#### EXERCISE AIM:
Using the listing below, print the line containing "ワンピース レディース 送料無料", the line containing "- 异步持久性:在数据成功 fsync", and each line between them, exactly and nothing else. Pictures stay out of the print.

#### DATA EXTRACT:
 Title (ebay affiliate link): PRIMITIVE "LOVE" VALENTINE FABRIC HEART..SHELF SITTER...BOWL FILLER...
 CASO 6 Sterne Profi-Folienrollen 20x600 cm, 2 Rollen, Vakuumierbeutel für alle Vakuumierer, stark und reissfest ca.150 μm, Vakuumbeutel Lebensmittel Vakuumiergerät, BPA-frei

==

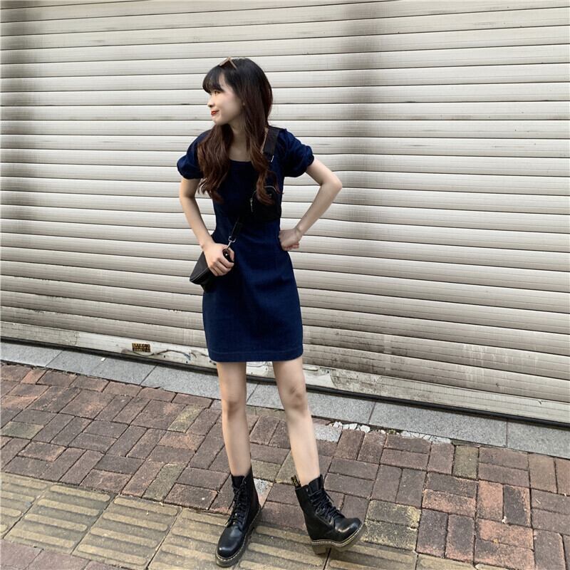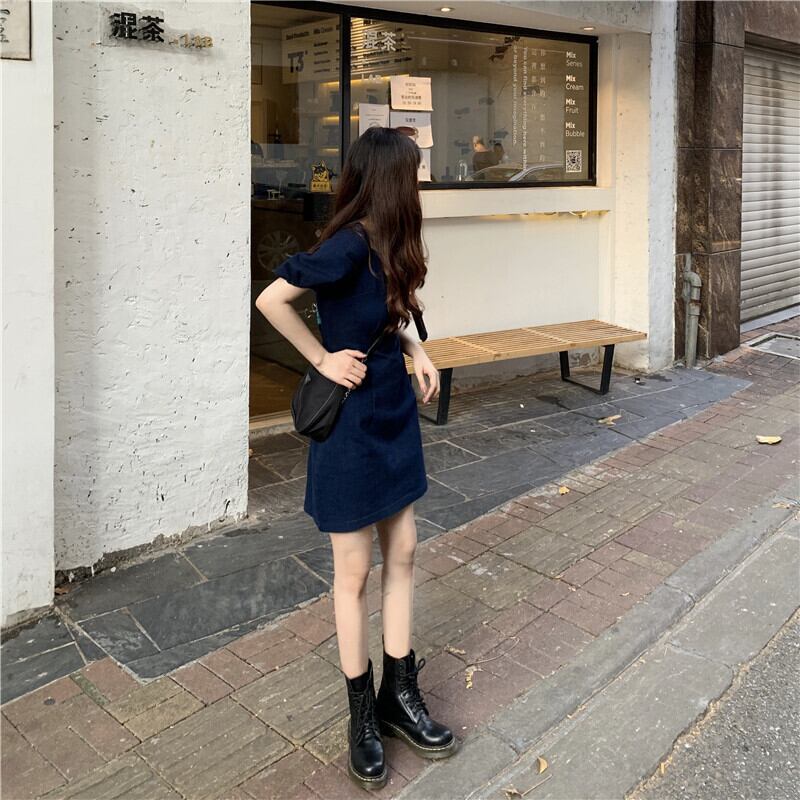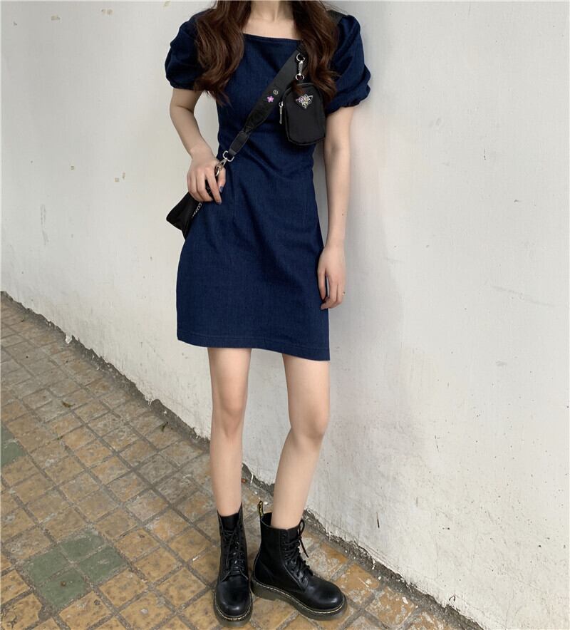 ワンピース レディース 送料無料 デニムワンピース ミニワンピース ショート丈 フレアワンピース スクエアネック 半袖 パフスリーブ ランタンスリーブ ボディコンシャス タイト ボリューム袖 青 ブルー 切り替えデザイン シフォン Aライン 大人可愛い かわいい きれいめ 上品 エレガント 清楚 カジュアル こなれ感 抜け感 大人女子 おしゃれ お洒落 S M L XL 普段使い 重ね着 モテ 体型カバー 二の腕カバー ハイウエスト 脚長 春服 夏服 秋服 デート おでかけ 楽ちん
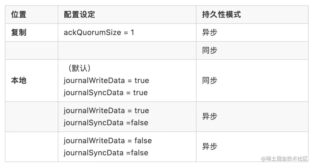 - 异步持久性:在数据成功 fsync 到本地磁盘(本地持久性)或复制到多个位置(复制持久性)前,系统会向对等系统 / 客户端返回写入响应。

#### SOLUTION TO THIS TASK:
 ワンピース レディース 送料無料 デニムワンピース ミニワンピース ショート丈 フレアワンピース スクエアネック 半袖 パフスリーブ ランタンスリーブ ボディコンシャス タイト ボリューム袖 青 ブルー 切り替えデザイン シフォン Aライン 大人可愛い かわいい きれいめ 上品 エレガント 清楚 カジュアル こなれ感 抜け感 大人女子 おしゃれ お洒落 S M L XL 普段使い 重ね着 モテ 体型カバー 二の腕カバー ハイウエスト 脚長 春服 夏服 秋服 デート おでかけ 楽ちん
 - 异步持久性:在数据成功 fsync 到本地磁盘(本地持久性)或复制到多个位置(复制持久性)前,系统会向对等系统 / 客户端返回写入响应。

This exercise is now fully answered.